We wanted to make sure that this strategy reflected changes since the release of our 2016 strategy. For our recommendations to match future policy and infrastructure needs, we commissioned modelling to consider the growth patterns of recent years, and the Victorian Government’s commitments to modernising and expanding the transport network with new and refurbished infrastructure projects.
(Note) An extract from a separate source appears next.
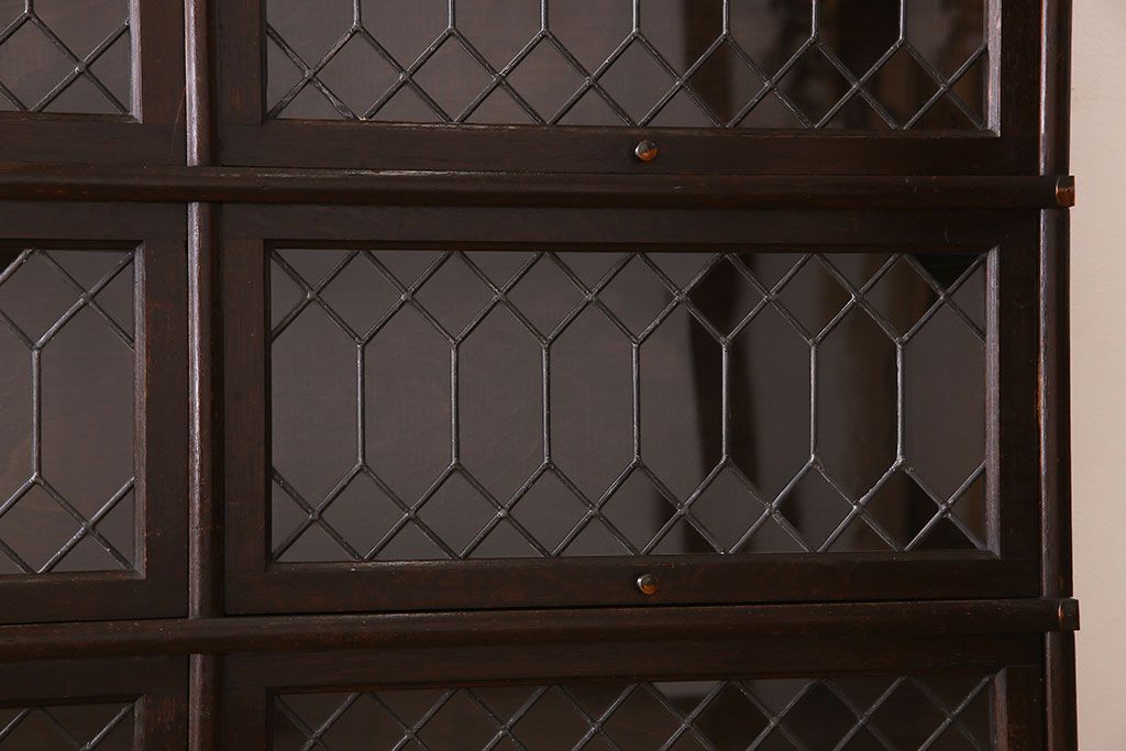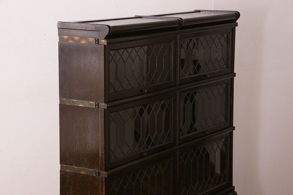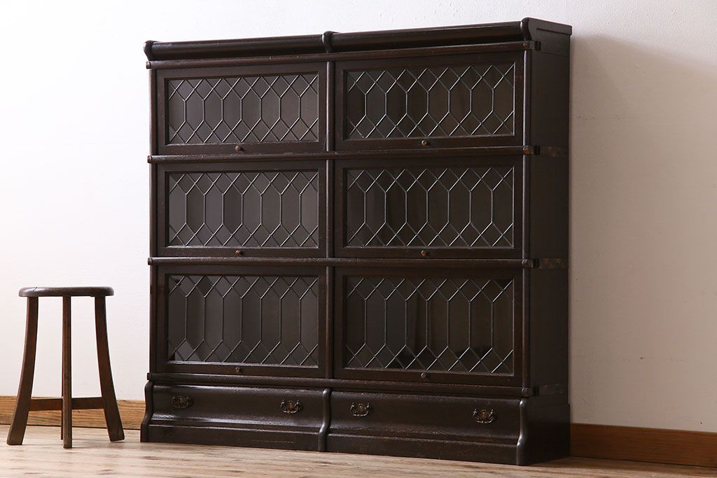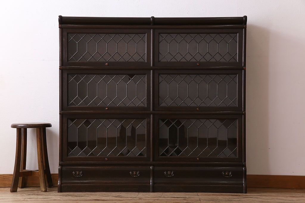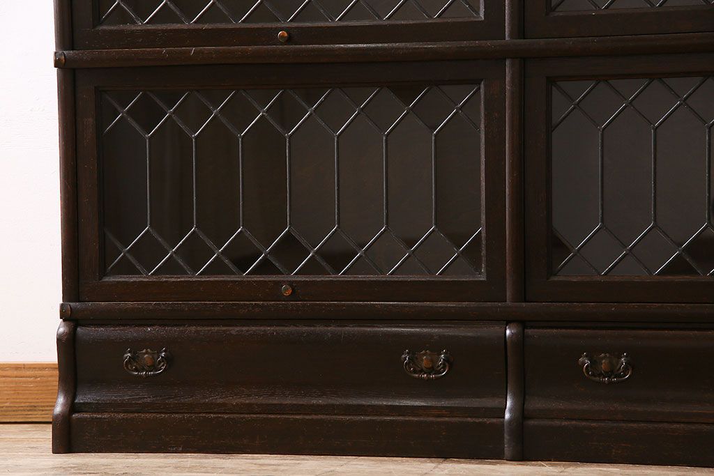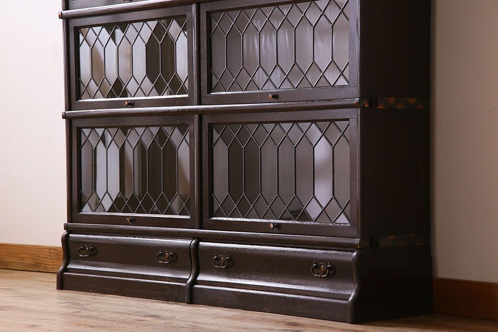 アンティーク家具 珍しいデザイン!ステンドグラス扉の引き出し付きスタッキングブックケース(書棚、本棚、本箱)

Our modelling makes use of new and innovative modelling techniques for the first time, allowing us to examine the effects of transport infrastructure on land use. A drawback of traditional transport modelling is that it assumes transport infrastructure causes no changes in the distribution of population and employment. This means it cannot incorporate the effects of land use change in response to new infrastructure construction. The brand new, innovative Victorian Land Use and Transport Integration (VLUTI) model, developed by Victoria University in partnership with Infrastructure Victoria, provides a new tool to examine the land use effects of infrastructure investments. This innovative VLUTI model allows for land use and transport infrastructure to directly influence each other, causing changes in the location of people and jobs. This means we can gain insights into how infrastructure investments might shift the location of population or employment growth. This new modelling technique starts to allow us to develop more accurate estimates of the land use benefits of transport infrastructure investments Approaches to assessing infrastructure programs have evolved over time. We commissioned modelling and economic evaluation of some of the major transport recommendations in this strategy. Our assessment framework considers many elements, with the assessment outcomes reflecting a progressive approach to major transport program assessment. We applied a multi criteria analysis, an expanded economic evaluation that considers land use changes, a broader social, environmental and economic assessment, and consideration of distributional impacts. Our Major transport program strategic assessment report is available on our website. It includes detailed modelling and analysis of:

  • Improving road network management systems
  • Constructing an outer metropolitan ring road and rail corridor
  • Reconfiguring the City Loop and northern rail corridor upgrade
  • Upgrades to the western rail corridor
  • Constructing Melbourne Metro Two and direct Geelong rail services
  • Building a new cross-city motorway. 

Using our assessment framework, modelling and sensitivity testing, we identified the conditions required for a transport program, and the complementary measures that support its benefits and mitigate against any unwanted outcomes. Our modelling showed the potential for some programs and scenarios to accelerate outward city growth, which can have environmental, ecological, economic and social impacts. Our modelling also showed induced demand could erode the future benefits of some new infrastructure programs. Integrated transport and land use planning, and transport network pricing, can help to identify and mitigate these risks and unlock greater benefits for Victorians.